Depuis le mois de juillet les commissions de conciliation, mises en place au sein des conseils départementaux de l’ordre des infirmiers ont commencé à fonctionner… et suscitent déjà de vives critiques.
Comme leur nom l’indique, ces commissions, où siège un minimum de trois membres du conseil départemental, ont une fonction de médiateur dans des litiges entre patients et infirmiers ou entre infirmiers. Elles interviennent suite à un dépôt de plainte, entendent les parties et tentent de trouver une solution au différend avant d’établir un procès-verbal.
Sont-elles pour autant impartiales ? Ce n’est pas l’avis du syndicat anti-ordres Résilience, qui dénonce, dans un communiqué adressé à la Ministre de la Santé, Roselyne Bachelot, « des séances où des apprentis sorciers parfaitement inaptes à la fonction de juge ordinal s’autorisent des attitudes et autres comportements indignes de notre profession».
Conciliation strictement encadrée ou « Simulacre de procès » ?
Hugues Dechilly, secrétaire général du syndicat, a recueilli le témoignage d’une infirmière libérale, non inscrite à l’Ordre, passée récemment en commission de conciliation, après un dépôt de plainte d’une consœur l’accusant de détournement de patientèle : « Elle remplaçait cette autre IDEL dans son cabinet et, à son retour, s’est installée à son compte dans la même ville.
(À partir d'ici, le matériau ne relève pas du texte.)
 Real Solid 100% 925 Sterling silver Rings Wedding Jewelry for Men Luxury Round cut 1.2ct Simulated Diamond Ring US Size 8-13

Certains patients l’ont suivie. Devant la commission, à défaut de conciliation, c’est un simulacre de procès qui a été fait à l’accusée, qui n’a pas eu son mot à dire. La plaignante connaissait visiblement les membres de la commission et avait eu plus de temps pour se préparer. L’accusée a été convoquée du lundi pour le vendredi ». Le syndicaliste questionne par ailleurs les fondements juridiques de ces médiations « alors que le Code de déontologie n’a pas été publié au Journal Officiel ».
Contacté, le secrétaire-général du comité départemental ordinal (l’infirmière incriminée souhaite la discrétion sur son département d’exercice, ndlr), répond aux accusations. « Nous sommes tous des infirmiers expérimentés, qui connaissons bien notre métier. Le fonctionnement de commissions est défini par la loi : si un membre de la commission a des liens avérés avec une des parties, le président choisit un autre conciliateur. Nous nous basons sur le Code de la santé publique qui précise les règles professionnelles et s’applique même en l’absence de publication du code de déontologie. A la fin de la conciliation le procès-verbal est relu par les parties, qui peuvent parfaitement s’abstenir de le signer si elles ne sont pas d’accord ».
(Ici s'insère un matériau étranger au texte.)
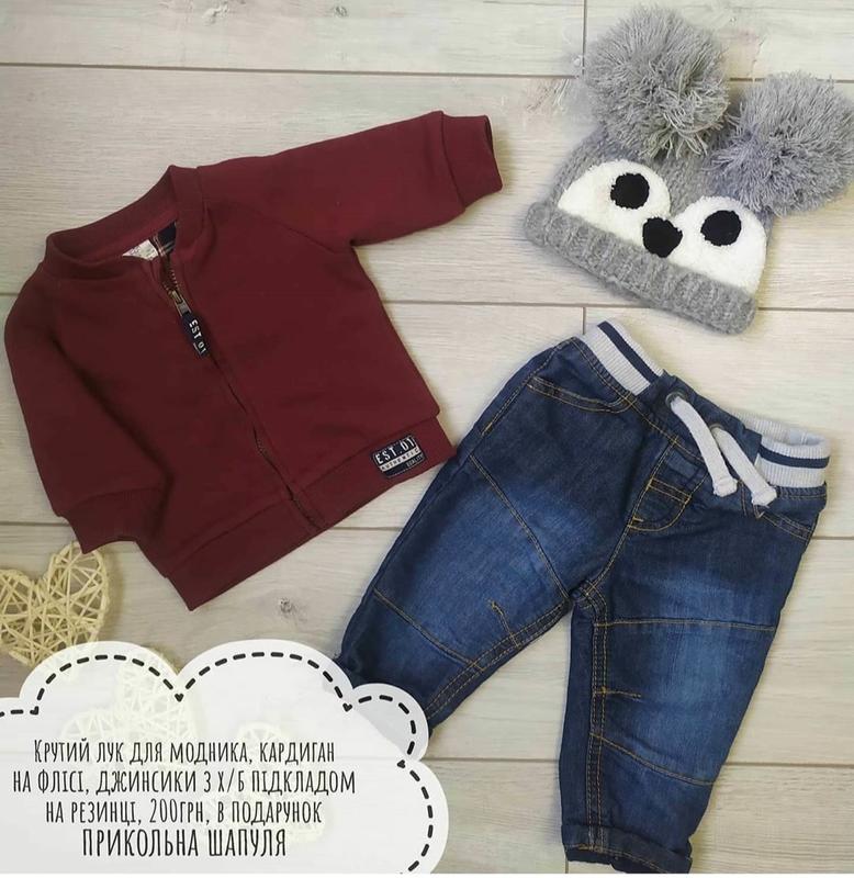крутий лук для модника, на 0-4місяці , кардигани на флісі, джинсики з х/б підкладом, пояс на резинці, в подарунок прикольна шапуля

Cette commission n’a d’ailleurs pas le pouvoir de prononcer des sanctions, mais elle peut, en cas de non conciliation, renvoyer les parties devant la chambre disciplinaire du Conseil Régional, 1ere instance de la juridiction ordinale. (Celle-ci n’est toutefois pas compétente pour juger les agents de la fonction publique hospitalière, qui relèvent des Commissions Administratives Paritaires, ndlr).
Pour Hugues Dechilly, en plus des éléments reprochés, on a voulu faire payer à cette infirmière sa non inscription à l’Ordre, il craint que se multiplient « les règlements de comptes locaux et les procédures à l’encontre de ceux qui refusent l’Ordre, ce qui se produit avec d’autres ordres paramédicaux, comme ceux des kinésithérapeutes ou des pédicures podologue ».
Le représentant ordinal interrogé précise que le conseil départemental n’a encore déposé aucune plainte pour exercice illégal de la profession à l’encontre de professionnels refusant de s’inscrire à l’Ordre Infirmier, mais n’excluait pas de le faire à l’avenir.